Data for the task —
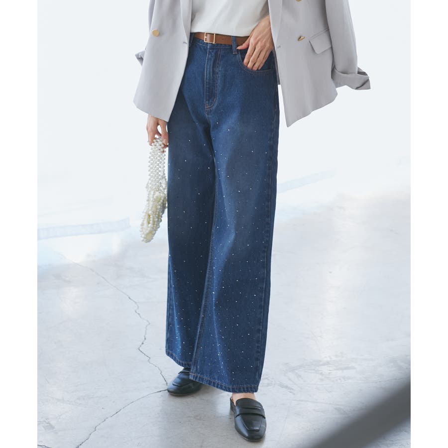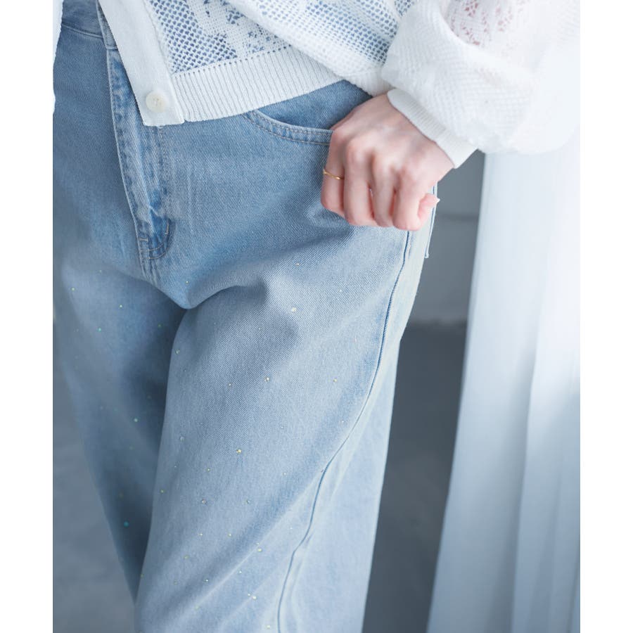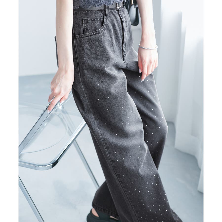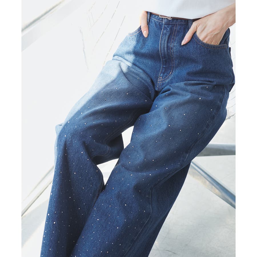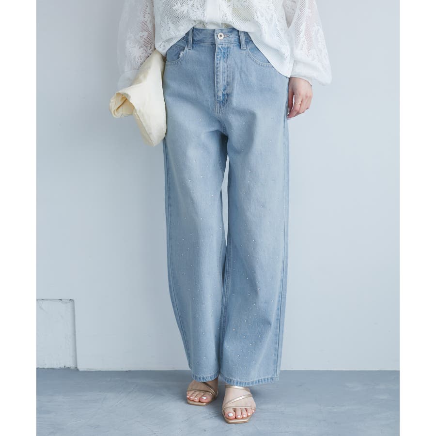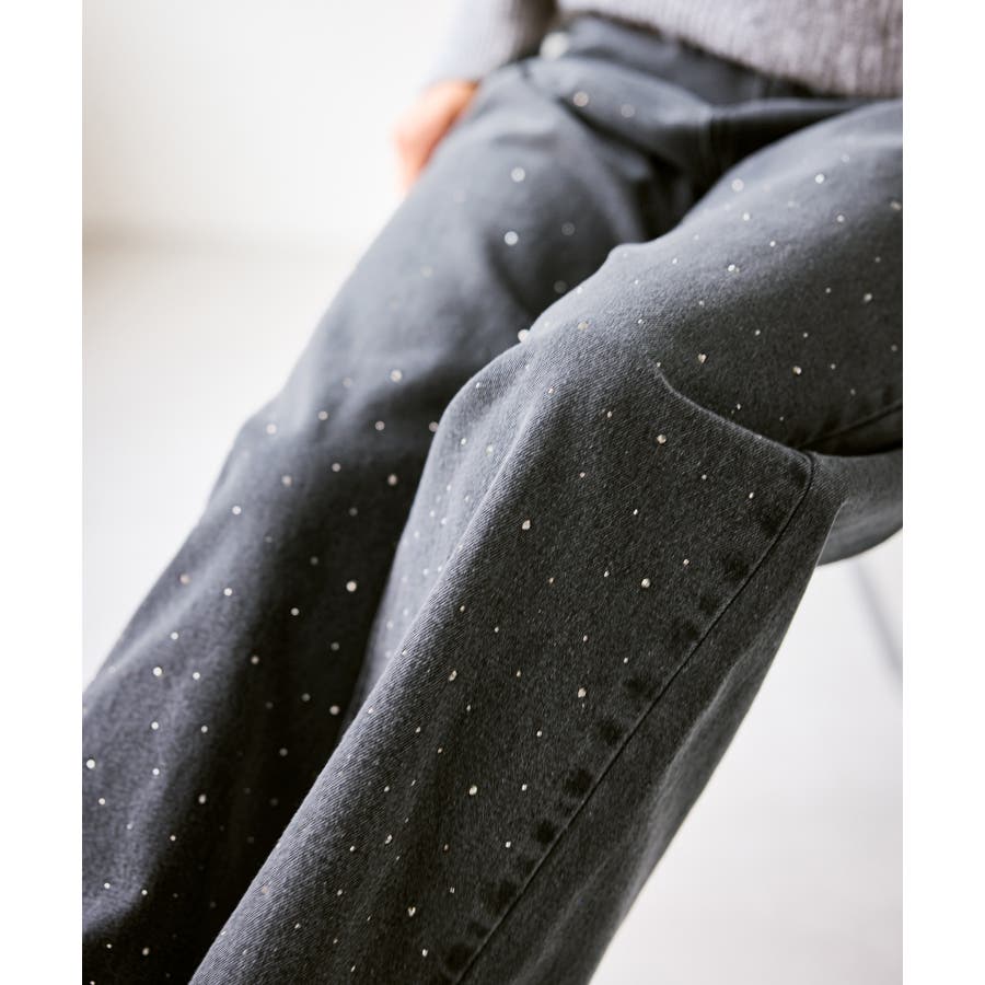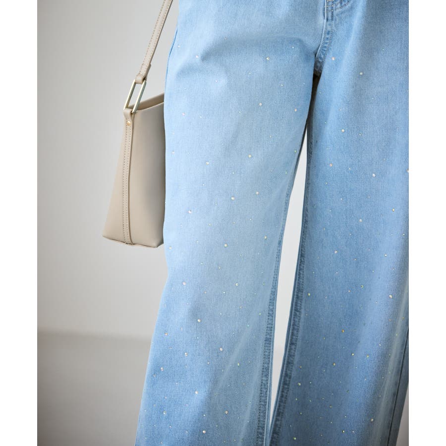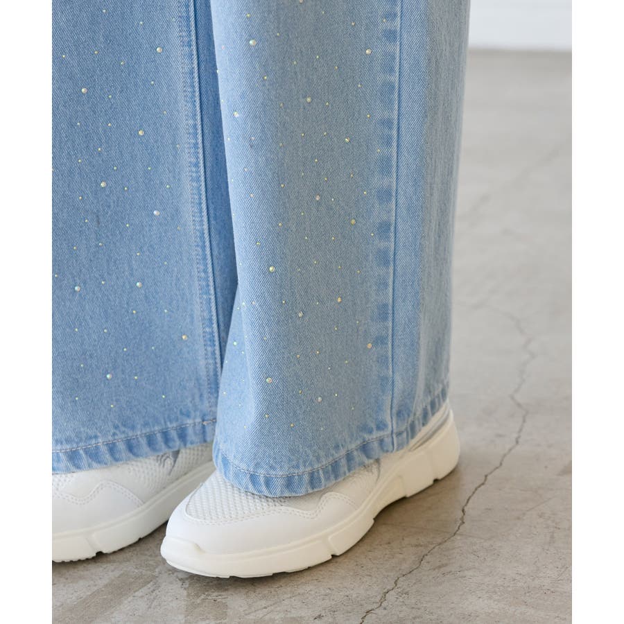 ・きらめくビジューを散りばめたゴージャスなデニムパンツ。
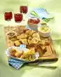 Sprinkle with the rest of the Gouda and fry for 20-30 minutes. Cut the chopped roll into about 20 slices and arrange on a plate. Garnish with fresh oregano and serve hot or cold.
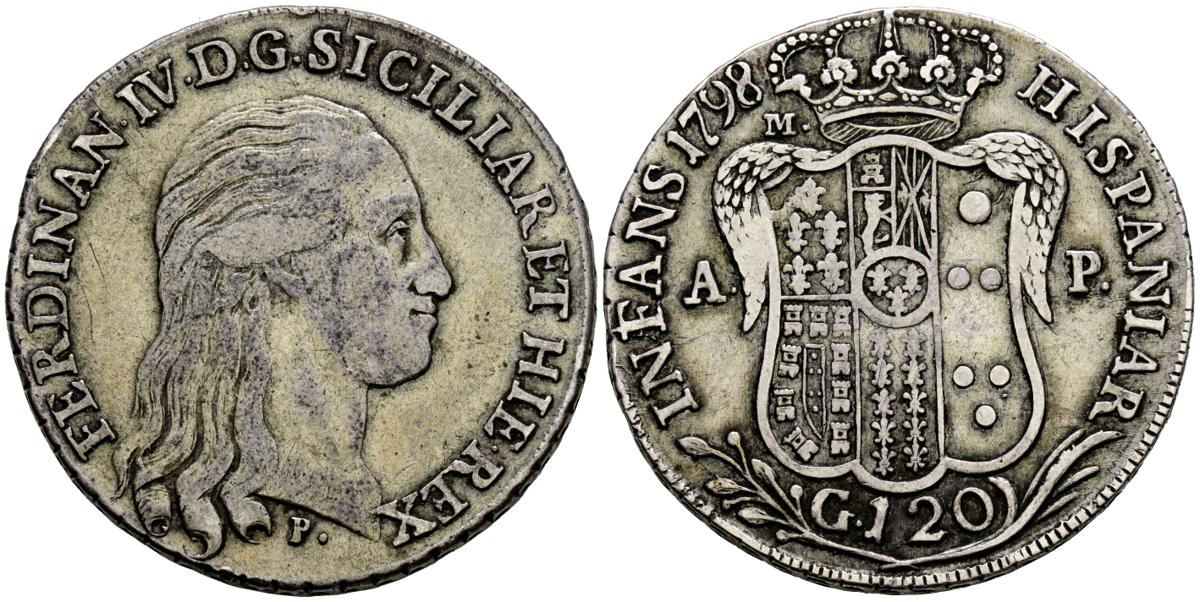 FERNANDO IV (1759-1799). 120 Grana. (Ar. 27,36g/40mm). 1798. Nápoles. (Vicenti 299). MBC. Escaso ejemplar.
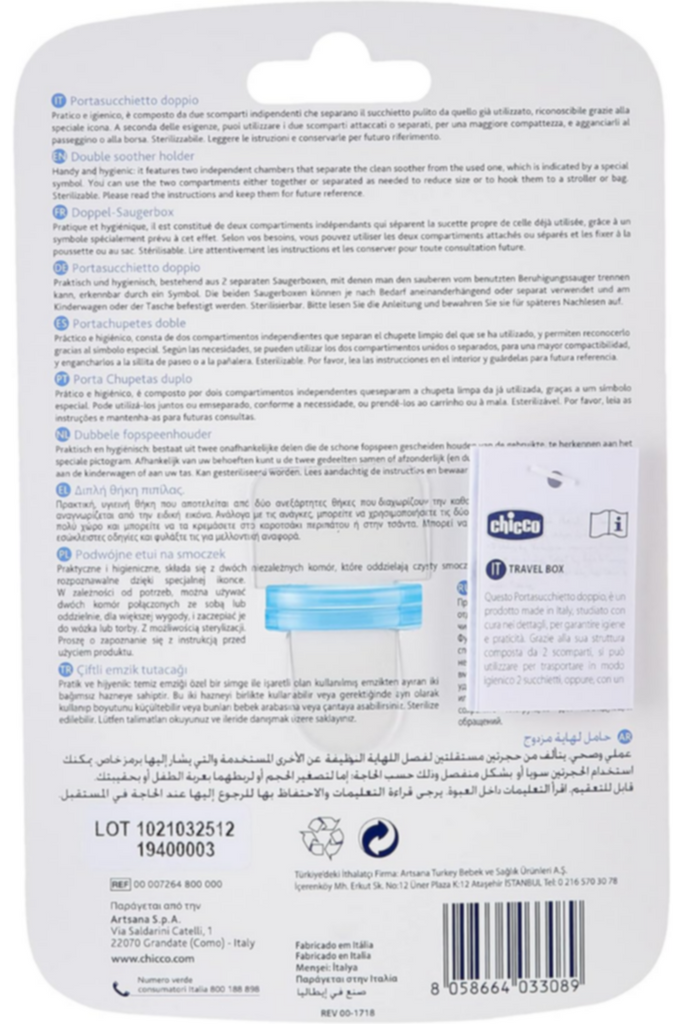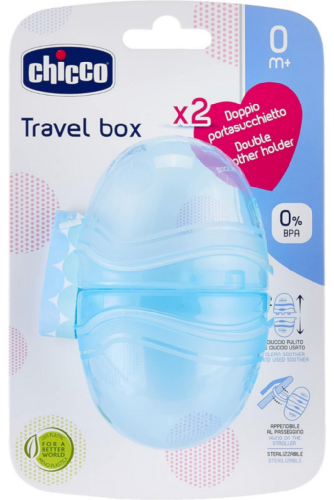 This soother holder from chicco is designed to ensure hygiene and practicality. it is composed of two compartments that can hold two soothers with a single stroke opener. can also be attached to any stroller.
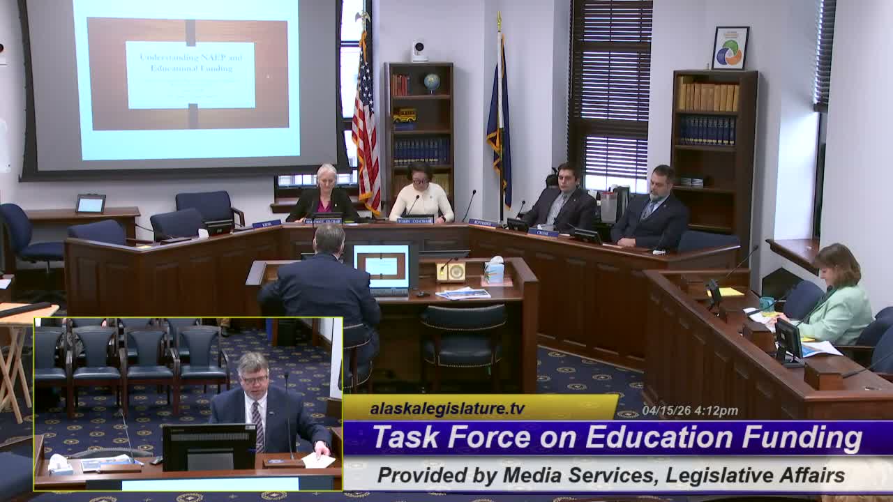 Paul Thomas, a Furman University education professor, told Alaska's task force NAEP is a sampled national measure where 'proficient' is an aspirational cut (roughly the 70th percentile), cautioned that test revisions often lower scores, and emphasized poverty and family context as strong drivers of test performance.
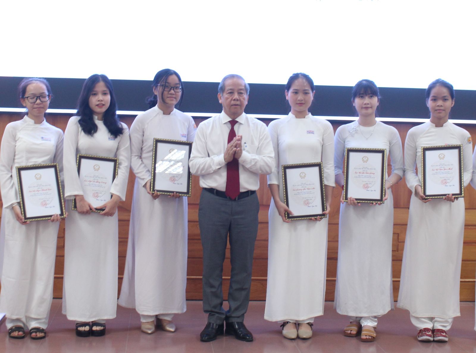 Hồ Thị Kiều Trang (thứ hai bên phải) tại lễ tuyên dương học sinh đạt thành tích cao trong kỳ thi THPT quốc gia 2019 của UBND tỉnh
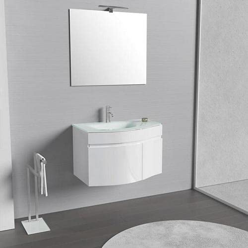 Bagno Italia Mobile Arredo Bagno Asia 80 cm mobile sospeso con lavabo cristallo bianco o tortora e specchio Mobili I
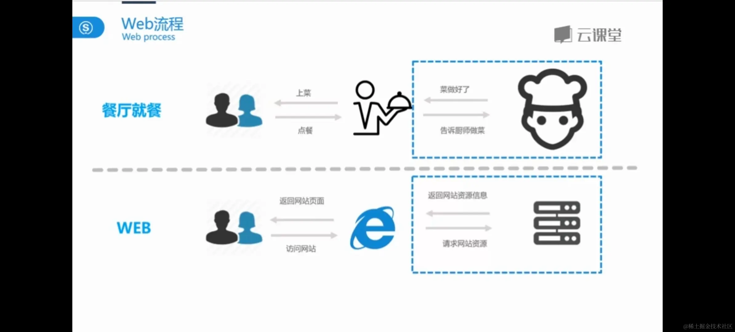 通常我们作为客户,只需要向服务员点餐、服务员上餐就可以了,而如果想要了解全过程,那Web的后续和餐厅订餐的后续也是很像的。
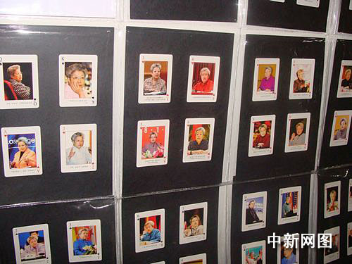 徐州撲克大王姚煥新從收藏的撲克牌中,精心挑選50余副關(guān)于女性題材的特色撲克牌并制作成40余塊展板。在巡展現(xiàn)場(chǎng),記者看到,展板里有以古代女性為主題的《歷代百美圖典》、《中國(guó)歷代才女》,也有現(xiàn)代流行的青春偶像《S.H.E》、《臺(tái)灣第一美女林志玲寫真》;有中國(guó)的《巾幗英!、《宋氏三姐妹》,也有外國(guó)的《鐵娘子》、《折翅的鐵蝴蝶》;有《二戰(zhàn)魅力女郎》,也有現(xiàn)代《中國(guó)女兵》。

What you should do — Each line from the one that holds "Sprinkle with the" through the final line of the data must be retyped exactly; the pictures must not appear.

Exercise output —
 Sprinkle with the rest of the Gouda and fry for 20-30 minutes. Cut the chopped roll into about 20 slices and arrange on a plate. Garnish with fresh oregano and serve hot or cold.
 FERNANDO IV (1759-1799). 120 Grana. (Ar. 27,36g/40mm). 1798. Nápoles. (Vicenti 299). MBC. Escaso ejemplar.
 This soother holder from chicco is designed to ensure hygiene and practicality. it is composed of two compartments that can hold two soothers with a single stroke opener. can also be attached to any stroller.
 Paul Thomas, a Furman University education professor, told Alaska's task force NAEP is a sampled national measure where 'proficient' is an aspirational cut (roughly the 70th percentile), cautioned that test revisions often lower scores, and emphasized poverty and family context as strong drivers of test performance.
 Hồ Thị Kiều Trang (thứ hai bên phải) tại lễ tuyên dương học sinh đạt thành tích cao trong kỳ thi THPT quốc gia 2019 của UBND tỉnh
 Bagno Italia Mobile Arredo Bagno Asia 80 cm mobile sospeso con lavabo cristallo bianco o tortora e specchio Mobili I
 通常我们作为客户,只需要向服务员点餐、服务员上餐就可以了,而如果想要了解全过程,那Web的后续和餐厅订餐的后续也是很像的。
 徐州撲克大王姚煥新從收藏的撲克牌中,精心挑選50余副關(guān)于女性題材的特色撲克牌并制作成40余塊展板。在巡展現(xiàn)場(chǎng),記者看到,展板里有以古代女性為主題的《歷代百美圖典》、《中國(guó)歷代才女》,也有現(xiàn)代流行的青春偶像《S.H.E》、《臺(tái)灣第一美女林志玲寫真》;有中國(guó)的《巾幗英!、《宋氏三姐妹》,也有外國(guó)的《鐵娘子》、《折翅的鐵蝴蝶》;有《二戰(zhàn)魅力女郎》,也有現(xiàn)代《中國(guó)女兵》。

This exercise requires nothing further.